As a sport that is gaining popularity outside Russia, many coaches are hard-pressed to find correct and efficient ways to introduce GS lifting to the American audience. The workshop environment is the most effective method I've experienced so far for both teaching basic form and improving technique. Even though I've been current with at least one certification since beginning this sport, I take the opportunity whenever possible to attend training events.

Coaches themselves are constantly evolving. For example, at my first IKSFA Level 1 training (Nov. 2011) the main teaching was quite different from the most recent IKSFA Level 1 where I assistant instructed (Dec. 2013). The way each lift was presented, particular points of each lift, physical dynamics and specific assist work was emphasized differently. At both events I gained volumes.

Ivan Denisov's impeccable shoulder mobility.
I have attended several training workshops run by similarly prolific instruction organizations. They all cover the same aspects of each lift. However there are unique tools and specific methodology used by each certification group. For example, IKFF directors have martial arts backgrounds, so incorporate unweighted flexibility drills as core warm-up elements. At OKC they emphasize Functional Movement Training-style elements and swinging Indian Clubs to support correct joint preparation. But do not expect all the tricks to come out at any one training.
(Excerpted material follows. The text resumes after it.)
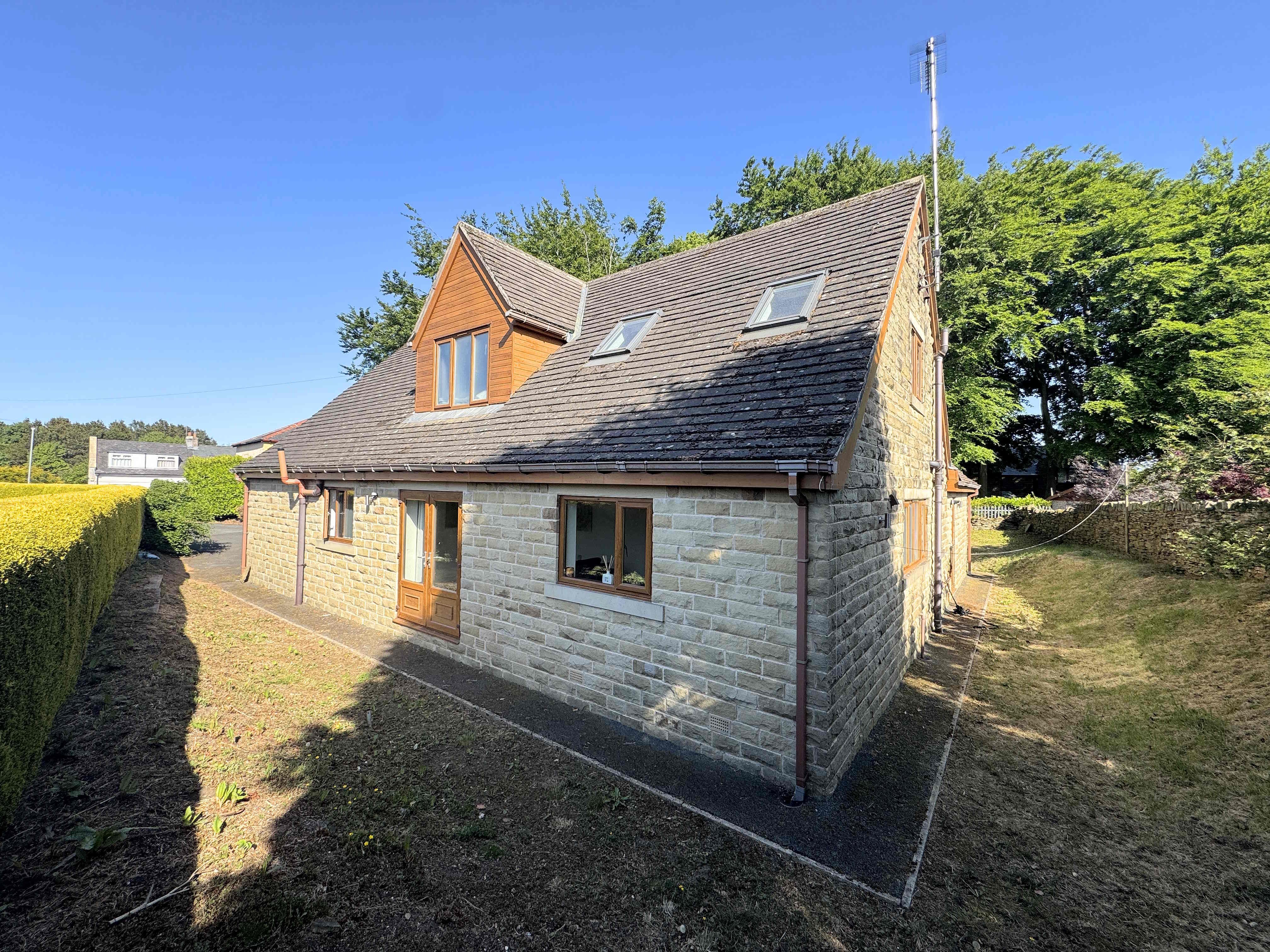 Set on a generous plot, this property benefits from a large private driveway providing off-road parking for multiple vehicles. Lawned areas extend around three sides of the property with a path running all the way around.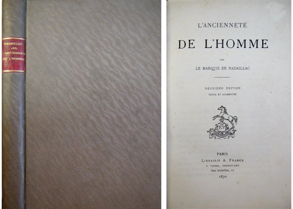 L'Ancienneté de l'Homme. Deuxième Édition revue et augmentée. | Libri antichi e moderni | Nadaillac, Marquis De [Jean-François-Albert Du Pouget De, 1818-1, 904].

Each individual event will be different based on who shows up. When I attended OKC certification in 2013 we were instructed by none other than Denis Vasilev! Denis is known for his specific form refinements and post-work stretching. Clearly there is no one way to teach Girevoy Sport. The way it is learned is entirely based on the athlete.

For athletes who have previous experience with gymnastics, wrestling or possibly yoga, the shoulder and hip flexibility demands are minor. For anyone endeavoring to master the sport, if you cannot already do a full bodyweight rotation around your shoulders, you may run into some lockout and fixation issues. Apparently any Russian playground is equipped with monkey bars as primary apparatus, thus many Russian athletes are already mobile in this joint from a young age.

Actively learn the lift while preparing for an event

Every time I've really succeeded with an event I continually shaved off inefficiency from my technique and put extra effort into lift-specific mobility. I put time into studying the performances of high-level athletes and visualized my own lifts with more efficient patterns. I did the tedious work of taking video of warm-up sets to confirm that I had included technique nuances, and watched my training videos as if I were my own judge.

The first week of a new training cycle is the most opportune time to evaluate previous performances for necessary corrections. Especially if the new cycle involves a lift that has not been practiced for some time (ie. the lifter is switching from Long Cycle to Biathlon), this first week is ideal for making tweaks before the training gets intense.

These rules are not flexible. As it has been said many times by many experienced teachers, you will perform the way you have practiced. Technique improvement is the real art in Girevoy Sport. We need our coaches and fellow-lifters to help us see where improvements are necessary, but in the end anyone who really wants the results will forge his or her own lift.